For how indoor play differs once you make the switch, our indoor vs outdoor pickleball guide covers the surface, ball, and pace differences. The injury prevention guide covers warmup and recovery, both of which matter more in heat than people think.
Hot pickleball is still pickleball
The summer outdoor session can be the best play of the year if the conditions and the schedule line up. 7am on a 78°F July morning with a light breeze is one of the best windows pickleball offers anywhere. The cost is preparation: hydrate the day before, dress for it, watch your body, and know when to move inside before the heat takes the choice away from you.
References
- CDC NIOSH: Heat-related Illnesses · Heat index thresholds and warning signs for outdoor exertion
- American College of Sports Medicine: Exercise and Fluid Replacement · Pre-, during-, and post-exercise hydration guidance
- National Weather Service: Heat Index · Combined temperature and humidity risk thresholds
Frequently asked
- At what temperature is pickleball unsafe outdoors?
- Heat index above 105°F is the standard threshold where the body cannot cool itself efficiently regardless of hydration. The actual air temperature equivalent depends on humidity. 95°F at 60 percent humidity is roughly 105°F heat index. Most rec sessions should move indoors at that point.
- How much water should I drink playing pickleball in heat?

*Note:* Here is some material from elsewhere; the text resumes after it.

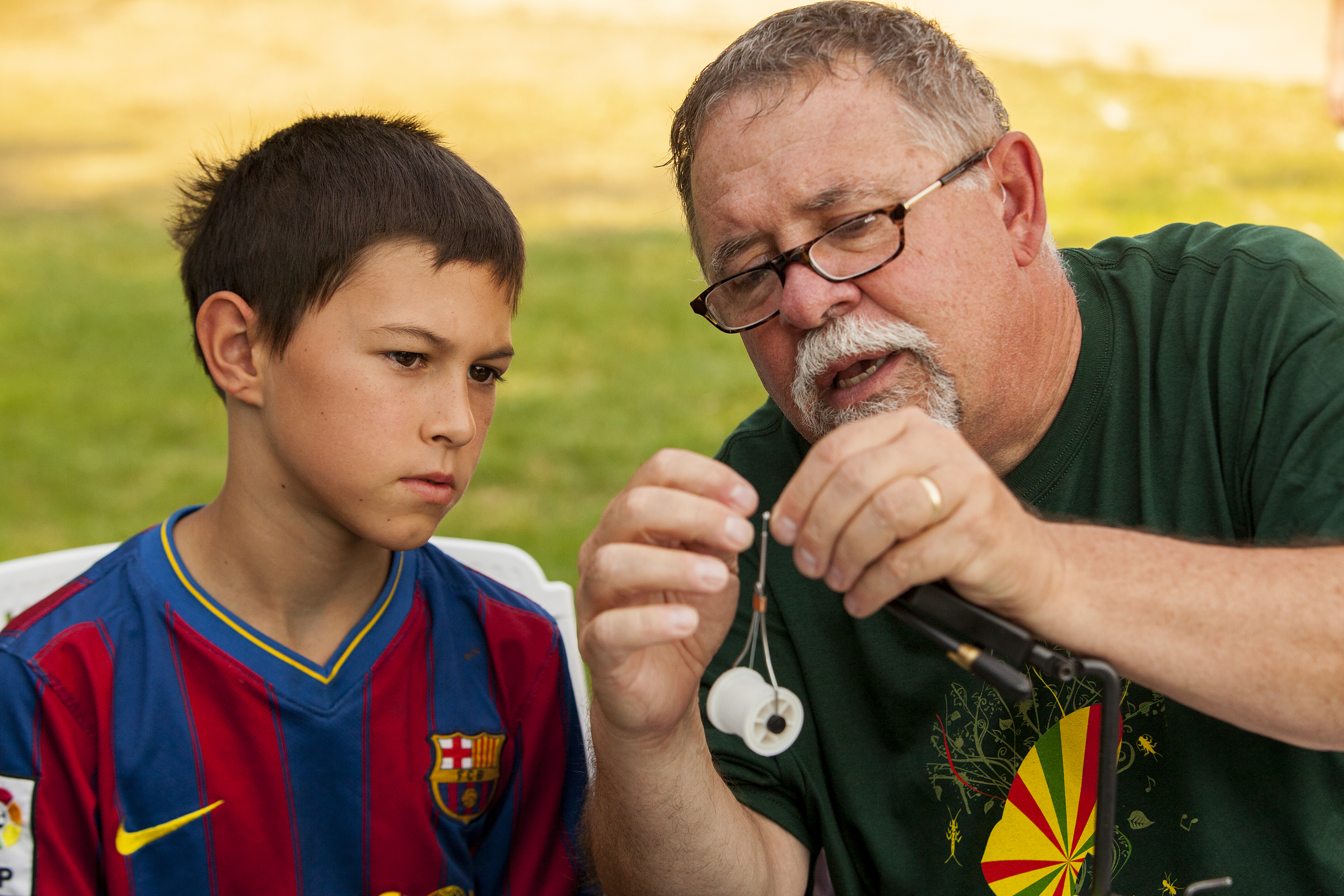 A man shares an outdoor lesson with a young visitor at Tualatin River National Wildlife Refuge in Oregon during the Roots, Rivers and Reggae Festival.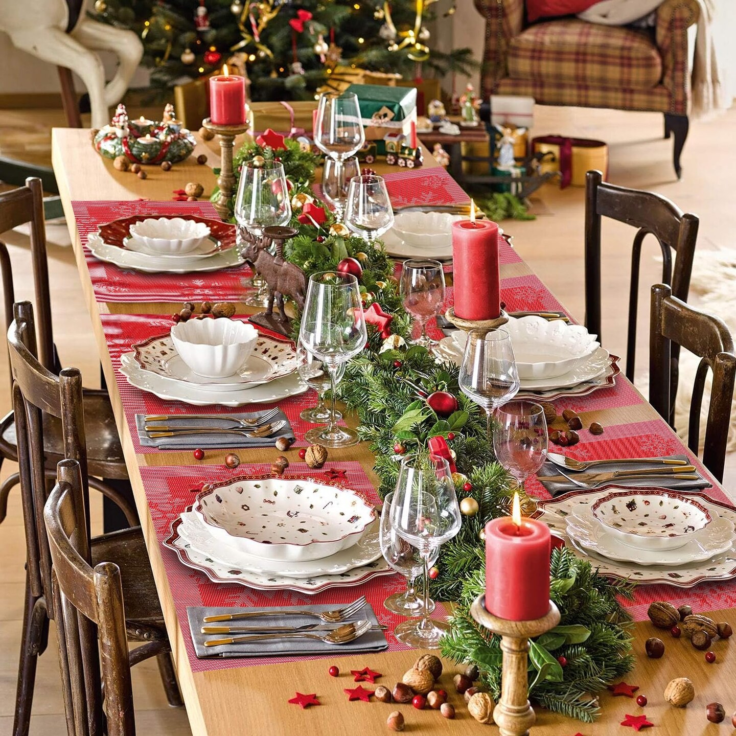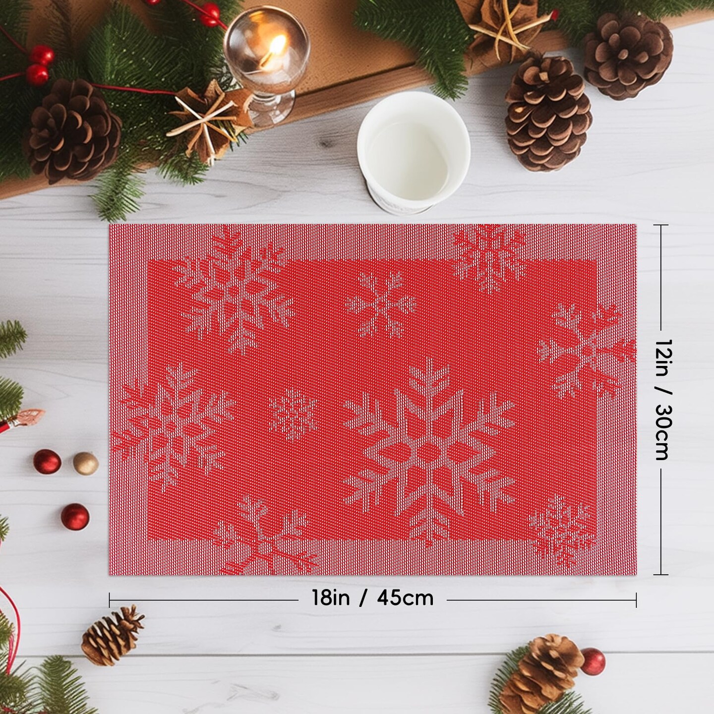 Christmas Placemats Set of 6, Washable Christmas Place Mats for Kitchen Dining Table, Indoor/Outdoor Woven Vinyl Christmas Table Mats, Non-Slip Heat Resistant Holiday Placemats Easy to Clean

- The American College of Sports Medicine guidance: 16 to 20 ounces two hours before play, another 8 ounces 15 minutes before, then 4 to 8 ounces every 15 to 20 minutes during play. For sessions over an hour in heat, mix in electrolytes. Plain water in volume without electrolytes can actually cause problems.
- Which pickleball ball plays best in hot weather?
- The harder tournament-grade outdoor balls like the Dura Fast 40 hold their shape better in heat than softer outdoor balls. The Onix Pure 2 Outdoor and Franklin X-40 dent more visibly off hard drives once they have been baking on a hot court. Rotate balls between games and keep a couple in a cooler bag at the fence.
- What are the warning signs of heat exhaustion in pickleball?
- Sudden stop in sweat, goosebumps in the heat, confusion or slurred speech, cramping that does not resolve with rest and electrolytes within five minutes, lightheadedness on standing. Any of those means stop play, move to shade, drink electrolytes, and do not go back on the court that day. Heat illness escalates fast.
- Should I wear sunscreen for pickleball?
- Yes. Outdoor pickleball delivers more UV exposure than people expect because acrylic court surfaces reflect UV back up at you in addition to the direct UV from above. Apply broad-spectrum SPF 30 or higher to exposed skin before play and reapply every two hours, especially on the backs of the calves, the back of the neck, and the tops of the ears.